§ Exercise
Beginning with the line that has "Дезинфектор медленный хлор" and ending with the line that has "De megadealactiviteit was", retype the entries below exactly, except for the pictures.

§ Entries shown

# # # #

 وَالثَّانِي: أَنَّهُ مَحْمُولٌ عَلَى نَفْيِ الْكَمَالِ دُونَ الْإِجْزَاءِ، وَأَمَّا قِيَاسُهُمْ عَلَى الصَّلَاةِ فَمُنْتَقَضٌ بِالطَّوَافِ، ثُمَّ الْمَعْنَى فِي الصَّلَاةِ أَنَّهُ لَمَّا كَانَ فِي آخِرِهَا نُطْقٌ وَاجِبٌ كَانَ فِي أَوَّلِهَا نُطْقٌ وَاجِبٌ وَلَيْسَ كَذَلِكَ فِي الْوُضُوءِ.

# # # #

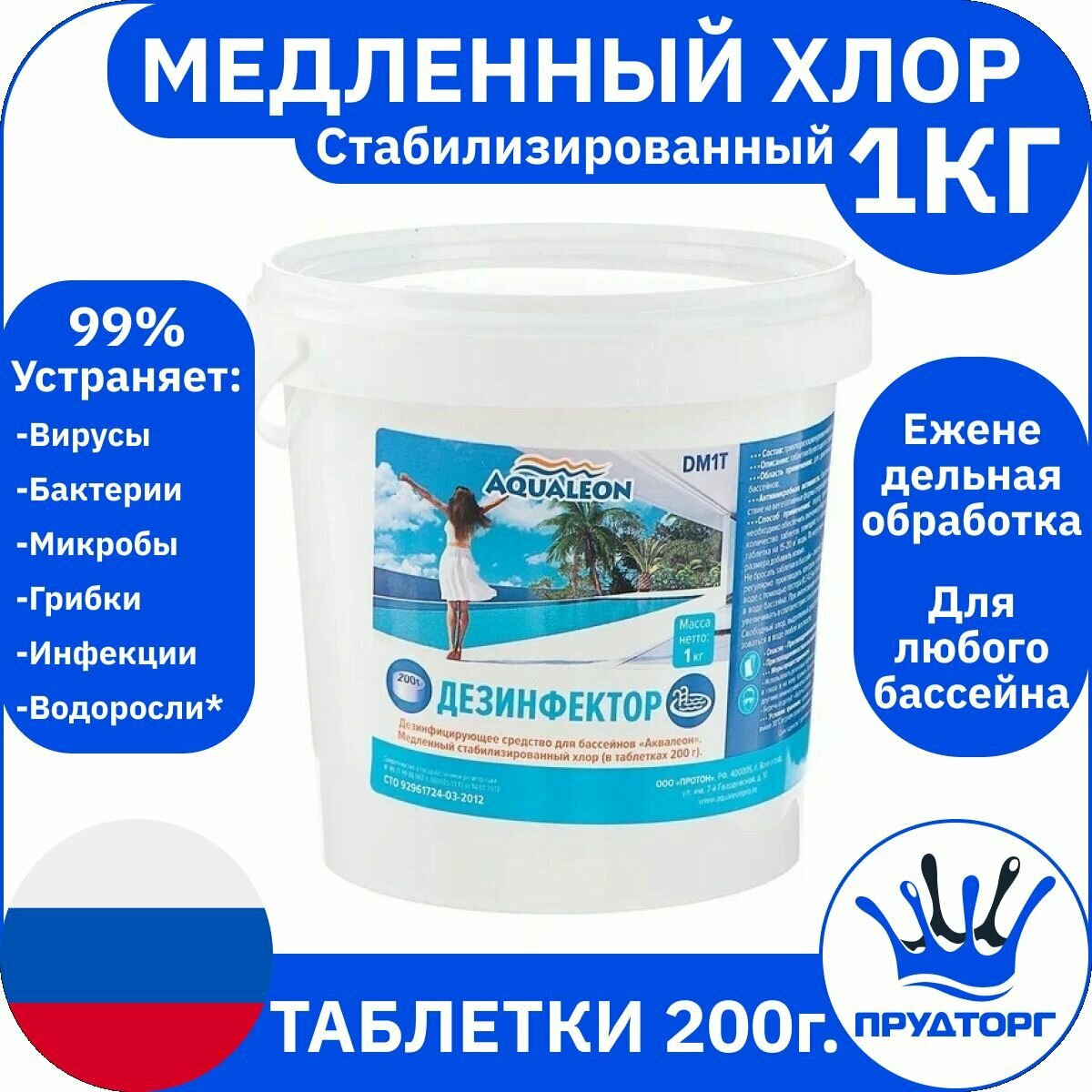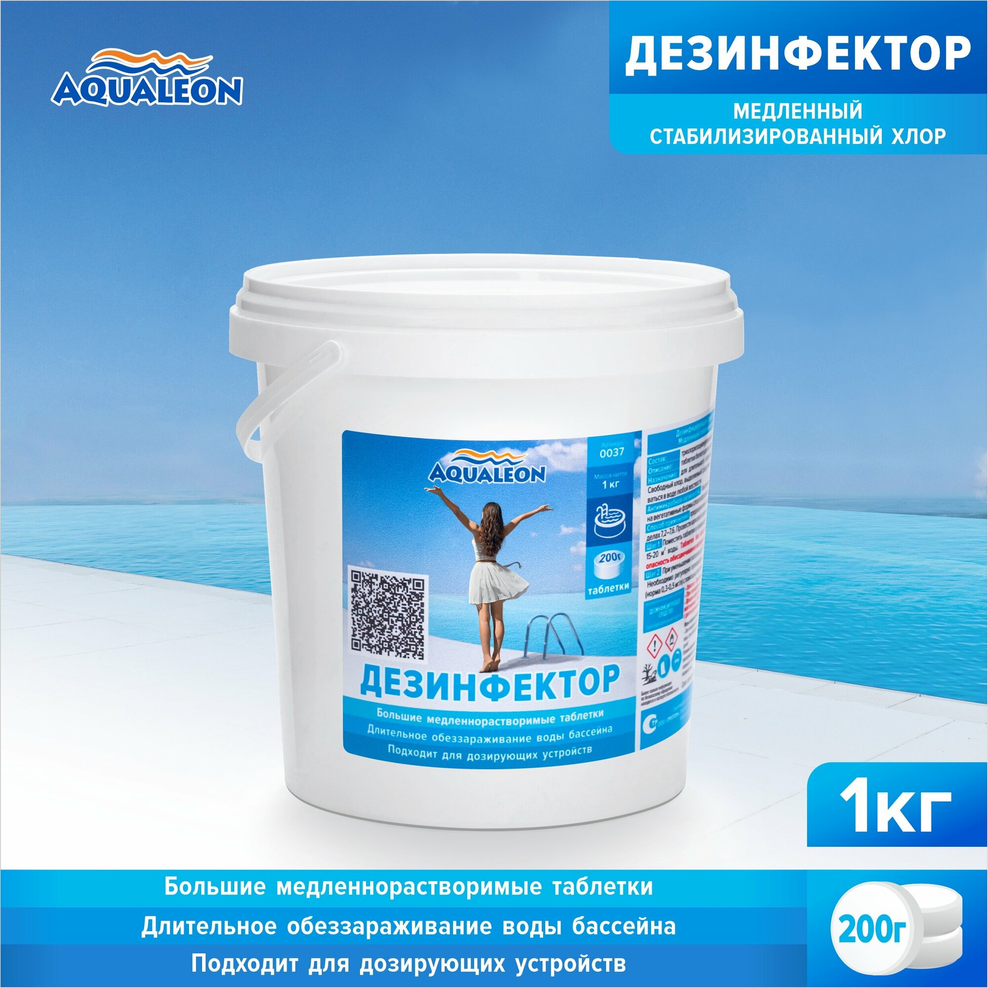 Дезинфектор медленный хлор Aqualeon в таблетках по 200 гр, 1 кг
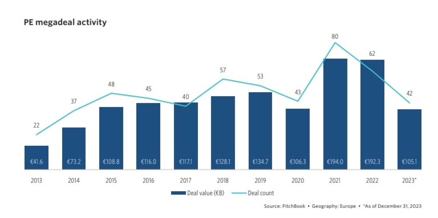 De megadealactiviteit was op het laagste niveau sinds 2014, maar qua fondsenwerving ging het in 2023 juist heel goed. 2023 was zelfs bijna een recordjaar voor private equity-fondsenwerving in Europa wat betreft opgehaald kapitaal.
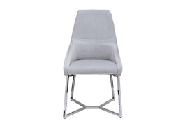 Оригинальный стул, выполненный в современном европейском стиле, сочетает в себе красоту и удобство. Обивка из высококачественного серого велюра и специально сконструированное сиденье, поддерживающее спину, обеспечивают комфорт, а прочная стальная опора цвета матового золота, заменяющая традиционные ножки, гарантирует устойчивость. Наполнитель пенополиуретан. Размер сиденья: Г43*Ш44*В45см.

# # # #

§ Solved problem
 Дезинфектор медленный хлор Aqualeon в таблетках по 200 гр, 1 кг
 De megadealactiviteit was op het laagste niveau sinds 2014, maar qua fondsenwerving ging het in 2023 juist heel goed. 2023 was zelfs bijna een recordjaar voor private equity-fondsenwerving in Europa wat betreft opgehaald kapitaal.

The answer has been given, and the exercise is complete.